Oui, la définition du “voyage” a longtemps été associé à la visite d’un site éloigné. Aujourd’hui, j’ai le sentiment que l’on est de plus en plus nombreux à chercher avant tout à vivre quelque chose, à rencontrer des gens, à être un peu bousculé par une évasion de notre quotidien.
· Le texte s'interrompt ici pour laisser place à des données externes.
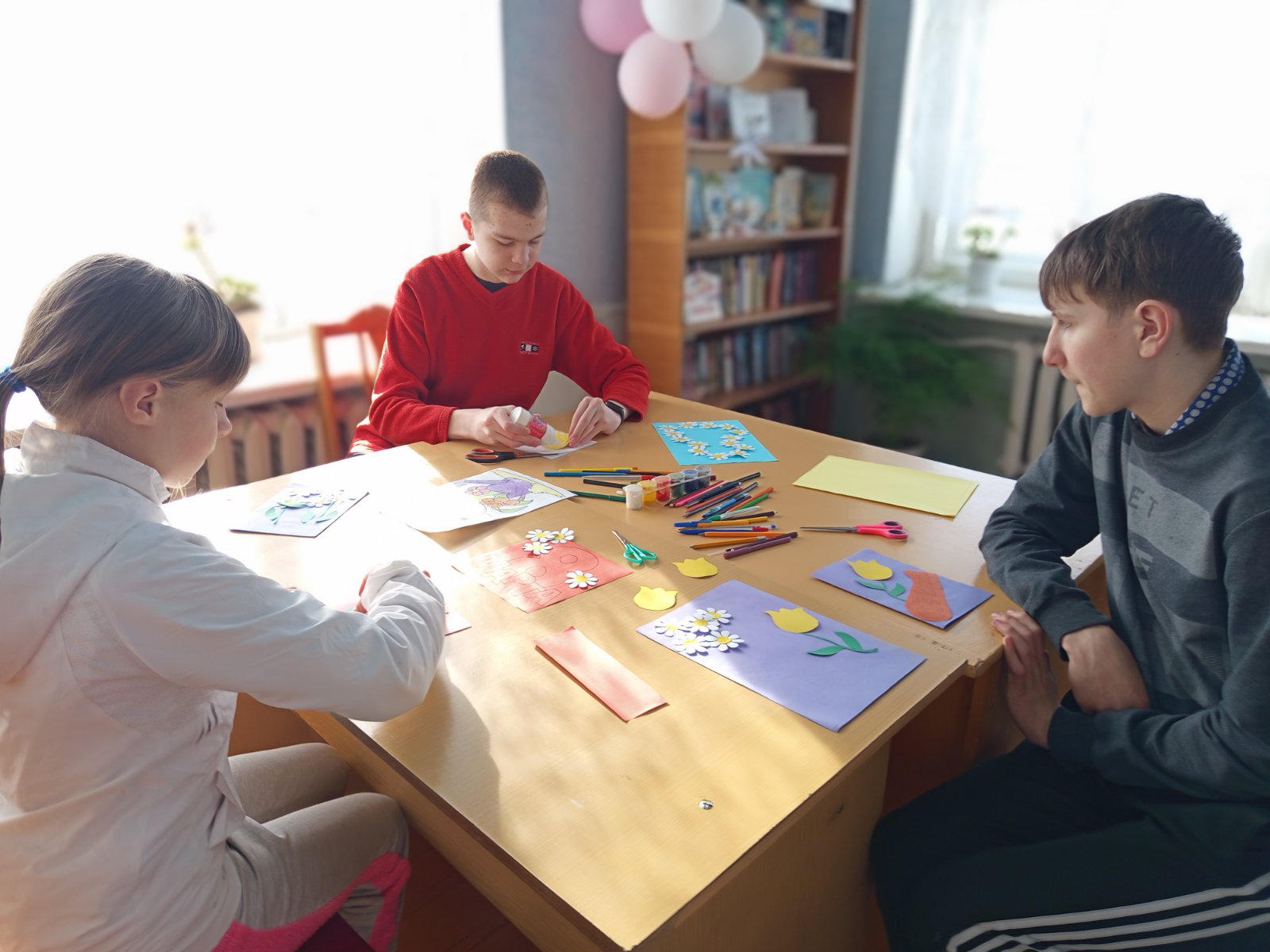 В преддверии Международного женского дня в Докшицкой центральной районной библиотеке для посетителей отделения социальной реабилитации, абилитации инвалидов прошла творческая мастерская ”Весенний букет“. В начале мероприятия библиотекарь рассказала об истории праздника, гости читали стихи о маме, затем все вместе приступили к изготовлению открытки-аппликации. Из цветной бумаги при помощи ножниц и клея были изготовлены простые, оригинальные и яркие открытки. Все участники творческой мастерской получили массу положительных эмоций и хорошее настроение. У каждого получилась своя неповторимая, яркая, оригинальная открытка, наполненная теплотой и любовью.
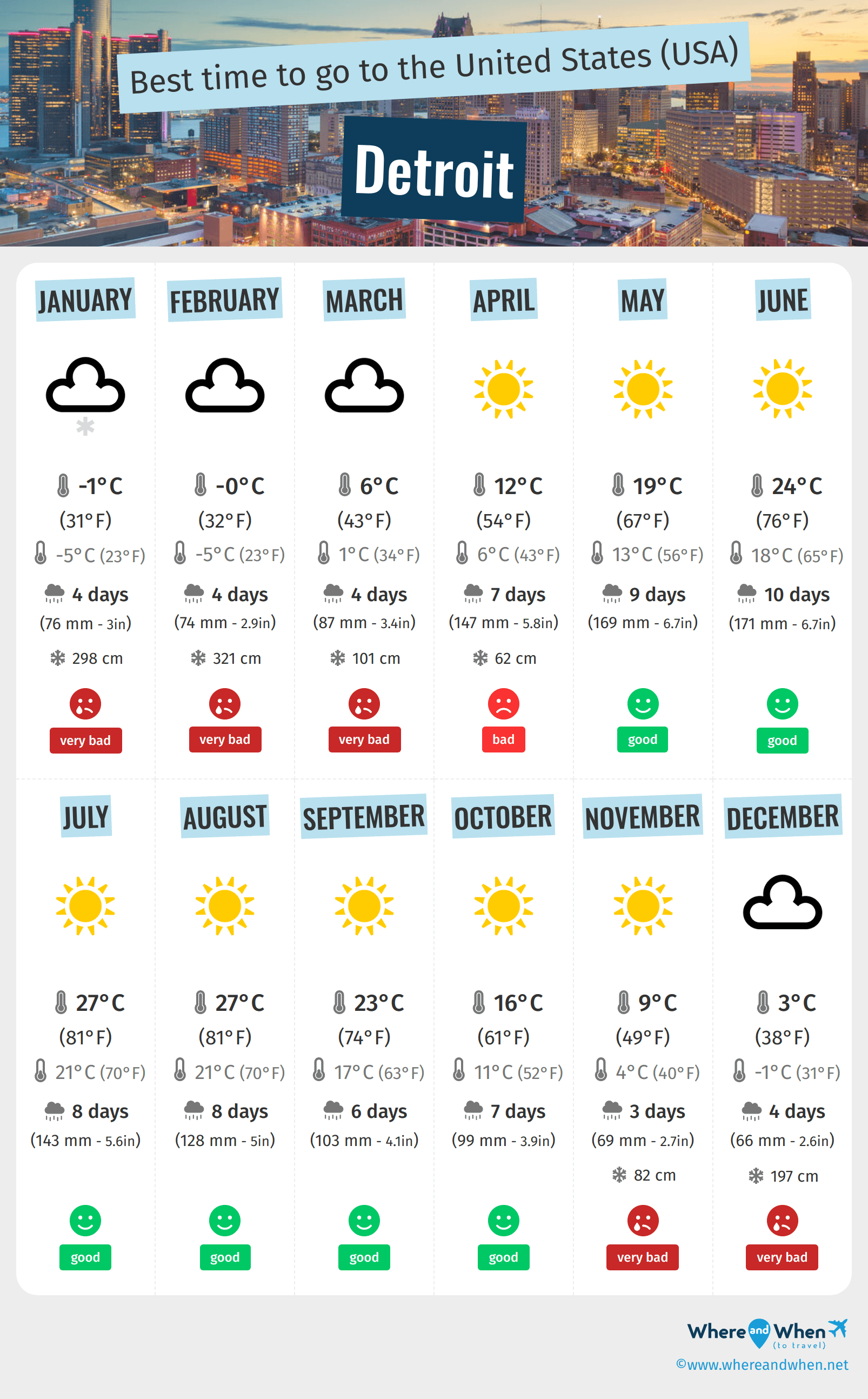 When is the best time to go to Detroit? Here's some information to help you in your decision:

On peut “prendre une claque” devant le temple d’Angkor Wat au Cambodge mais on peut aussi vivre la même chose en dégustant un plateau de fruits de mer, un verre à la main, après une journée de 100 km en écoutant les histoires et anecdotes d’un ancien marin. »
Est-ce que le vélotourisme peut contribuer à changer cette vision du voyage, selon toi ?
Oui, c’est l’un des moyens d’atteindre cet objectif d’”émerveillement”. Et j’espère profondément que notre travail au quotidien dans ce secteur permettra de donner envie à de plus en plus de gens de réaliser ce type de séjours.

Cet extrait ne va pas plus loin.